Peter Jablonski (born 1971) is a Swedish concert pianist.

==Biography==
Peter Jablonski was born in Lyckeby, Sweden to a Swedish mother and Polish father. He studied percussion and piano at Malmö Conservatory from 1982 to 1986. He performed as a drummer at the Village Vanguard jazz club in New York at the age of nine. He debuted as a pianist in Sweden at the age of 12, with Mozart concerto k 453. In 1989 he moved to the United Kingdom. There he studied composition, conducting and piano at the Royal College of Music in London. He signed to Decca Records in 1991, with a debut recording of Gershwin's piano concerto in F with the Royal Philharmonic Orchestra and Vladimir Ashkenazy, followed by Rachmaninoff's Rhapsody on a Theme of Paganini, Lutoslawski's Paganini Variations, and Shostakovich's concerto no.1 for piano and trumpet, again with the RPO and Ashkenazy - for which he won an Edison award. With Ashkenazy he also recorded Scriabin's "Prometheus" and piano concerto with the Deutsches Symphonie-Orchester Berlin. He later recorded Tchaikovsky's second and third piano concertos with the Philharmonia Orchestra and Charles Dutoit and Tchaikovsky's first piano concerto with Peter Maag. Other recordings include the complete piano sonatas by Prokofiev, and albums dedicated to Chopin, Liszt, Mussorgsky, Mozart, Stravinsky, Szymanowski and Grieg. He made his debuts at Washington's Kennedy Center in 1992 and at London's Royal Festival Hall in 1993. In 2008 he made his conducting debut with the Cracow Philharmonic Orchestra in Sibelius Symphony nr 1.
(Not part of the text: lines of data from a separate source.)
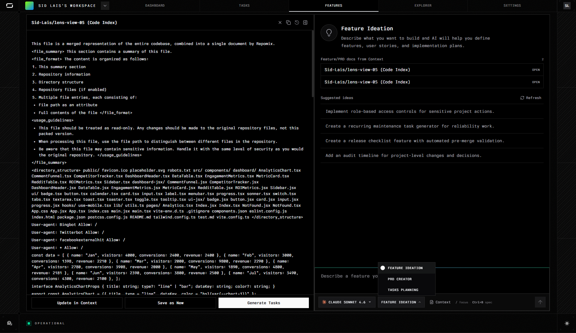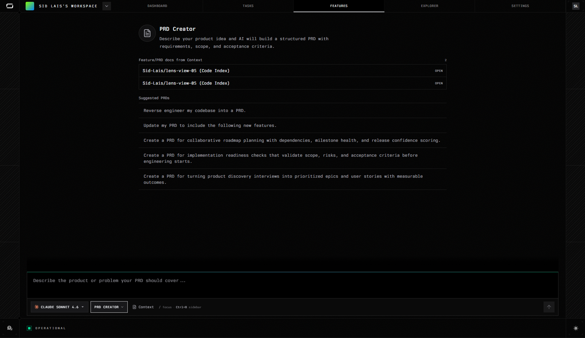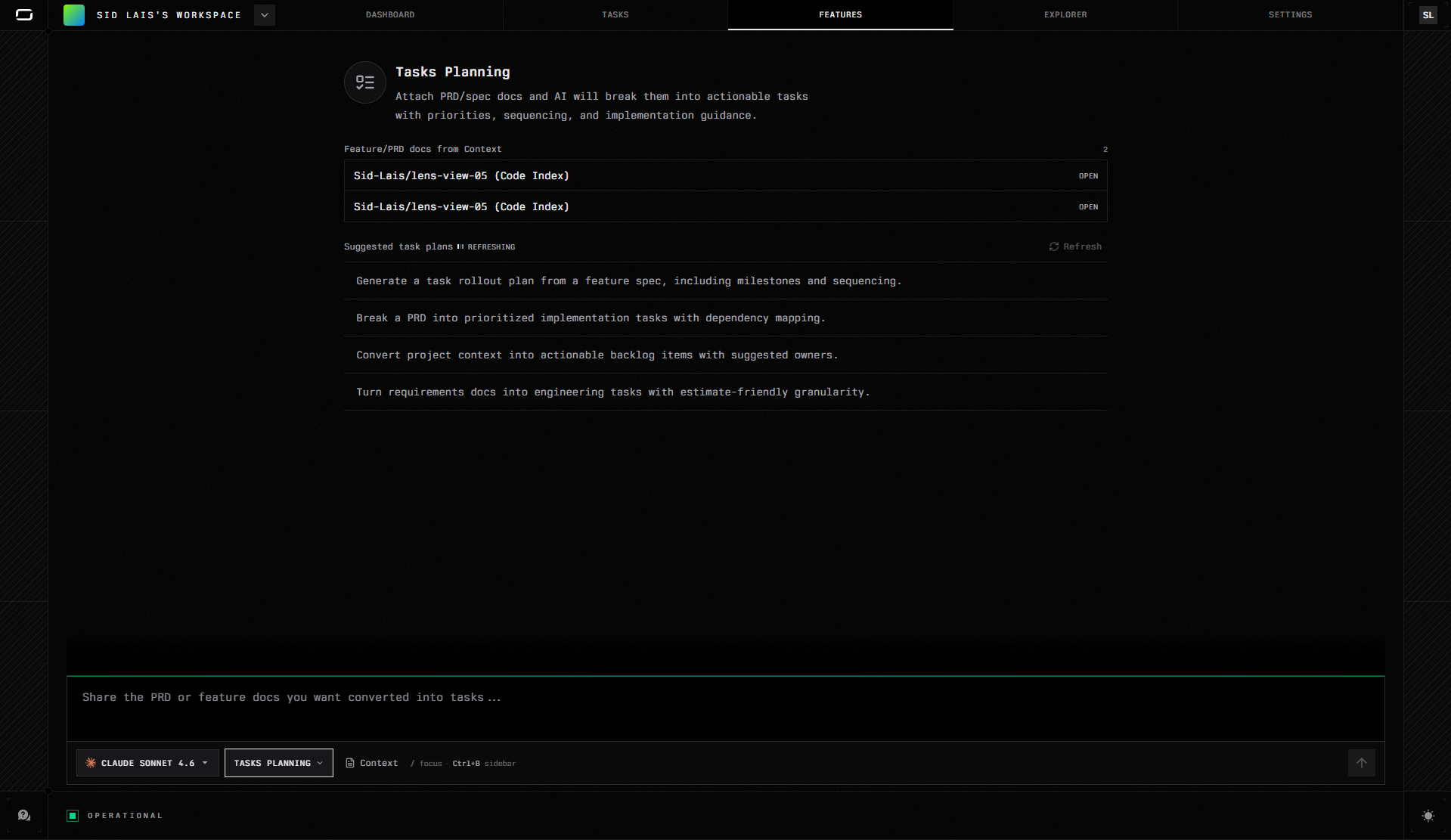 At the bottom, a text input lets you describe the feature you want to build in natural language. The model selector shows which model is active (e.g., Claude Sonnet 4.6), and the mode selector lets you switch between Feature Ideation, PRD Creator, and Tasks Planning depending on what kind of output you need.
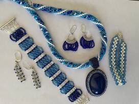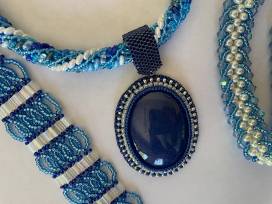 Jewelry set consisting of: one spiral rope necklace with a navy blue beaded cabochon pendant, measuring 19.5", expandable to 22"; two bracelets of glass pearls and crystals to fit a 7 3/4" wrist; two pairs of leverback earrings for pierced ears. All findings are silver metal.
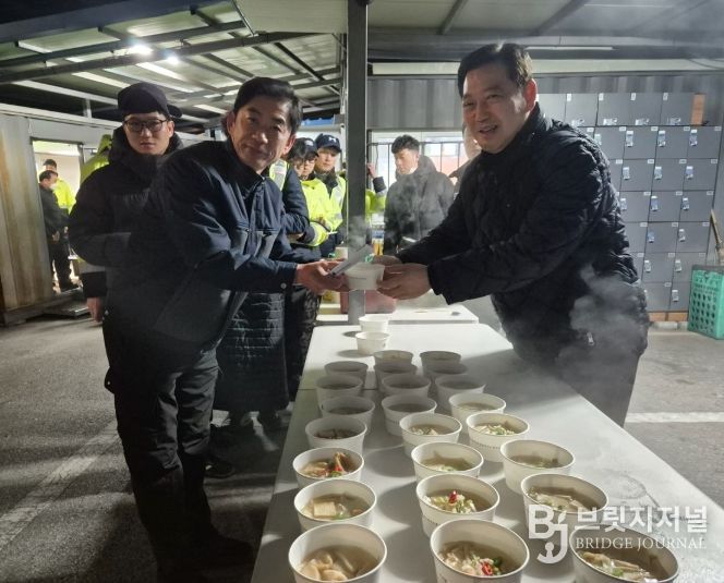 브릿지저널 김진석 기자 | 대구 남구의 조재구 남구청장이 병오년 새해 첫날 새벽, 앞산 큰골에 위치한 환경공무직 근무 현장을 찾아 이른 새벽부터 근무에 나선 환경공무직 직원들을 직접 만나 새해 덕담을 전하고, 떡국 한 그릇을 함께 나누며 감사의 마음을 전했다.
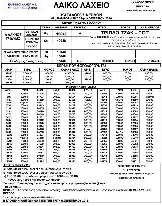 Το λαχείο με τον αριθμό 10048, σειρά 6η με στοιχείο Α, δεν πωλήθηκε. Ακολουθεί ο πίνακας με τα αναλυτικά αποτελέσματα:
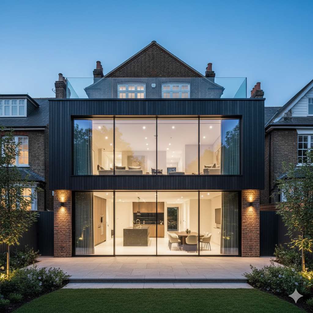 A luxury two-story extension with floor-to-ceiling windows and premium finishes.
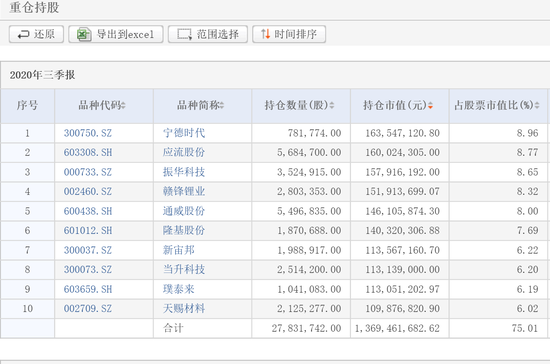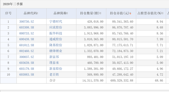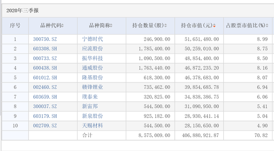 图片:农银汇理新能源主题三季末前十重仓股
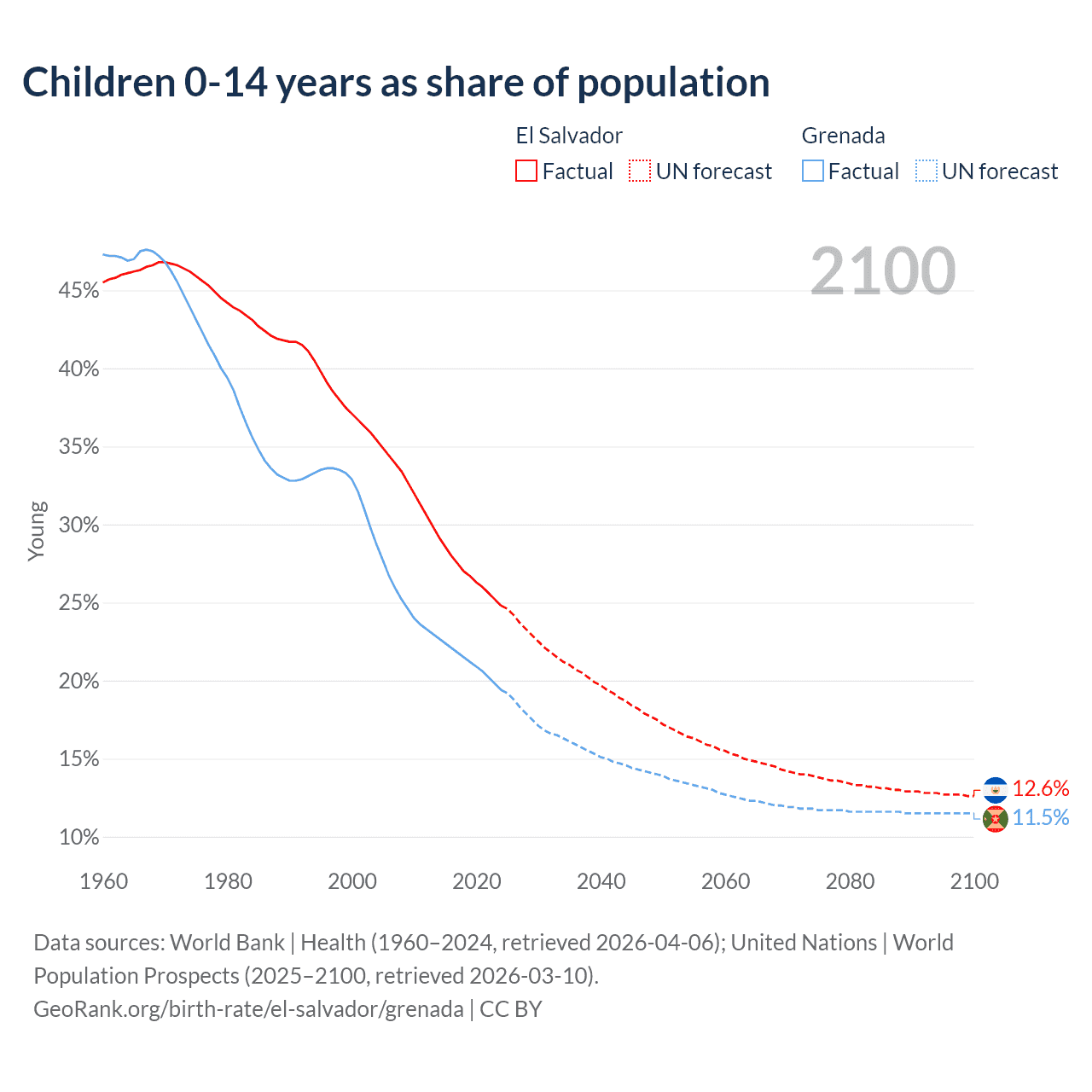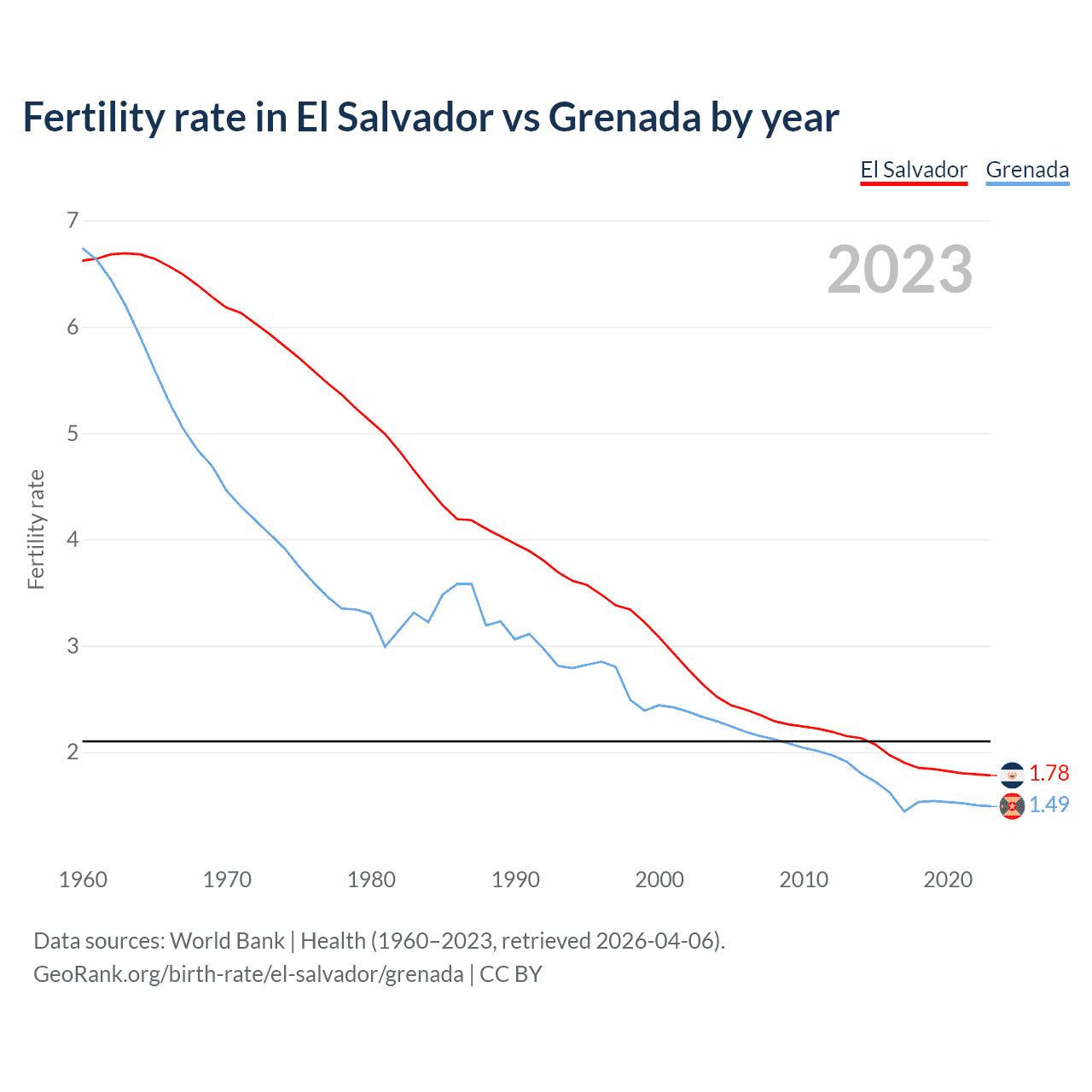 According to the latest available data on birth rates, the fertility rate in El Salvador was 1.78 children per woman in 2023, compared to 1.49 in Grenada in 2023. The replacement level is considered to be 2.1 children per woman.
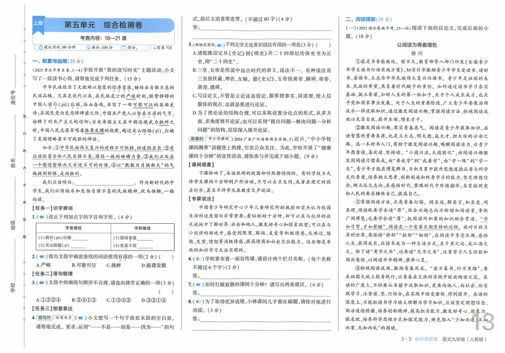 时间:120分钟 / 总分:120分/ 栏目:九年级语文上2025-12-04 17:06:08
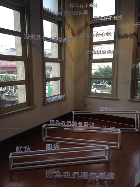 木枠の窓が特徴的な二階にも素敵な展示が施され、アクリル板にプリントされた写真が、この歴史的建築物と調和しています。台湾と日本の、良いところが溶け合った展示だと思いました。
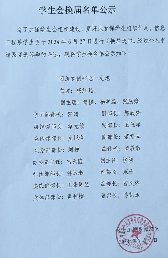 2024年6月27日,信息工程系第二十三届学生会换届大会如期举行。出席本次换届大会的成员有:信息工程系团总支书记黄嵘、辅导员陈琦、信息工程系学生会全体成员。
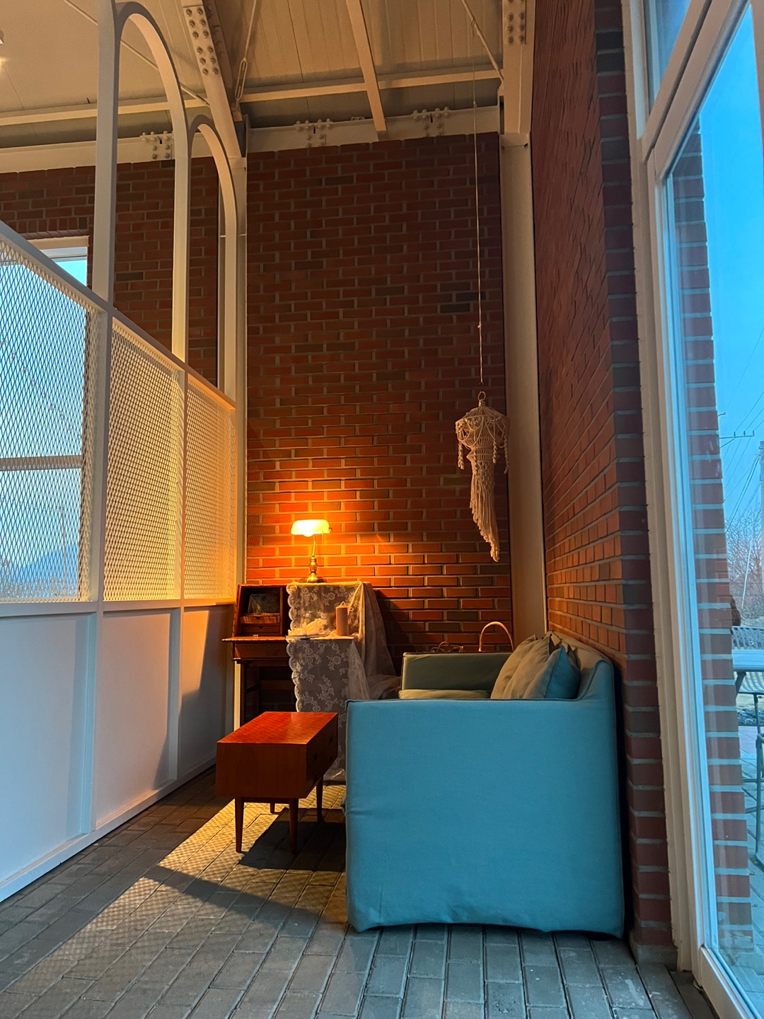 주문을 하고 자리에 앉았다. 맞은편에도 이렇게 자그마한 자리가 있다. 스탠드 조명의 불빛이 따듯하게 빛난다.

Washington Post wrote about Jablonski: "It may happen once a season or once in a lifetime. Along comes a talent, not merely your run-of-the-mill virtuoso, but someone, something extraordinary that makes you rethink a piece of music you thought you've known forever".

In 2020, Jablonski released his debut album for Ondine Records, Scriabin's complete Mazurkas, to great critical acclaim.

In 2021, Jablonski's recording of the works by a Russian composer Alexey Stanchinsky, also for Ondine, has been warmly accepted both by audiences and critics, earning him the Gramophone Editor's Choice in May 2021. It has been listed among the best classical releases of the year by the Gramophone.

In 2022, the artist embarked on his project of performing and recording the piano music of Grażyna Bacewicz (1909-1969), who takes her place among major Polish composers of her generation. 'Jablonski plays Bacewicz' recording was released on Ondine in February 2022, and immediately received the Gramophone Editor's Choice in March 2022, and was later included in the publication's best releases of the year list. Patrick Rucker's review concluded that the release introduced '...Music by important woman composer, played by a pianist in full flower of his mature, imaginative artistry.'

'Jablonski plays Bacewicz' became the BBC Music Magazine Instrumental Choice in March 2022, and Critics' Choice in The Record Geijutsu, Japan, in April 2022.

Gramophone listed the recording among its best classical recordings, and best piano recordings of 2022.

In December 2022, Jablonski's Bacewicz recording was awarded the French Academy Charles Cros Award.

In January 2023, it was nominated for The BBC Music Magazine Awards 2023.

Peter Jablonski is an ambassador for DONNE Foundation, a charity dedicated to promoting and supporting the work of women in music.

In May 2022, Peter Jablonski became a member of the Swedish Royal Music Academy.

==Awards==

- Edison Award for recording of the Rhapsody on a theme of Paganini by Rachmaninov with the [Royal Philharmonic Orchestra] and [Vladimir Ashkenazy].
- International Swede of the Year 1996.
- Warsaw Autumn Festival 1998 Orpheus Award for his premiere performance of Kilar's Piano Concerto.
- Litteris et Artibus Medal in June 2005 for his achievement as a pianist.
- The French Academy Charles Cros Award for the recording of piano music by Grażyna Bacewicz, December 2022.
- The Swedish Grammy Award, Årets Klassiska 2025, for the recording of Ronald Stevenson's piano works, April 2025.
The Fryderyk Award 2026 in category Most Outstanding Polish Music Recording, for his interpretation of André Tchaikowsky's two piano concertos and piano sonata. The recording was made with the NOSPR (Polish National Radio Symphony Orchestra) and conductor Łukasz Borowicz, and released on Ondine in November 2025.